Exercise requirements: For this exercise, the lines from the one with "un volcán o" through the end of the material below must be output exactly, without pictures.

Dataset extract:
*-*-*

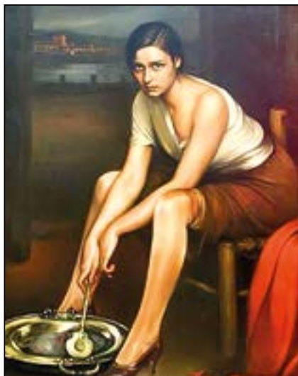
En el cuadro de Romero de Torres "La Chiquita Piconera" vemos a una joven removiendo un brasero con la badila.

un volcán o la chispa de un rayo. Lo que sí se descubrió fue la manera de provocarlo, bien frotando un palo con otro o bien chocando dos trozos de pedernal, la piedra con la que se "fabrica a b a n" cuchillos. El choque produce la chispa que prende en la h i e r b a seca y se p u e d e transportar de un lugar a otro y m a n t e n e r l o por tiempo indefinido sin que se apague. Así se aprendió a cocer el barro, realizar objetos de cerámica y a fundir metales. Se han encontrado cenizas en planchas de cobre o en vasijas de barro de hace cinco mil años y esta es la edad que puede tener el antecedente del brasero.
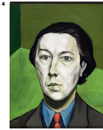
Victor Brauner, Portrait d'André Breton , 1934 Huile sur toile (61 x 50 cm) Musée d' Art Moderne de Paris Crédit photographique : Paris Musées / Musée d' Art Moderne de Paris © Adagp, Paris, 2020

*-*-*

Response to the exercise:
un volcán o la chispa de un rayo. Lo que sí se descubrió fue la manera de provocarlo, bien frotando un palo con otro o bien chocando dos trozos de pedernal, la piedra con la que se "fabrica a b a n" cuchillos. El choque produce la chispa que prende en la h i e r b a seca y se p u e d e transportar de un lugar a otro y m a n t e n e r l o por tiempo indefinido sin que se apague. Así se aprendió a cocer el barro, realizar objetos de cerámica y a fundir metales. Se han encontrado cenizas en planchas de cobre o en vasijas de barro de hace cinco mil años y esta es la edad que puede tener el antecedente del brasero.
Victor Brauner, Portrait d'André Breton , 1934 Huile sur toile (61 x 50 cm) Musée d' Art Moderne de Paris Crédit photographique : Paris Musées / Musée d' Art Moderne de Paris © Adagp, Paris, 2020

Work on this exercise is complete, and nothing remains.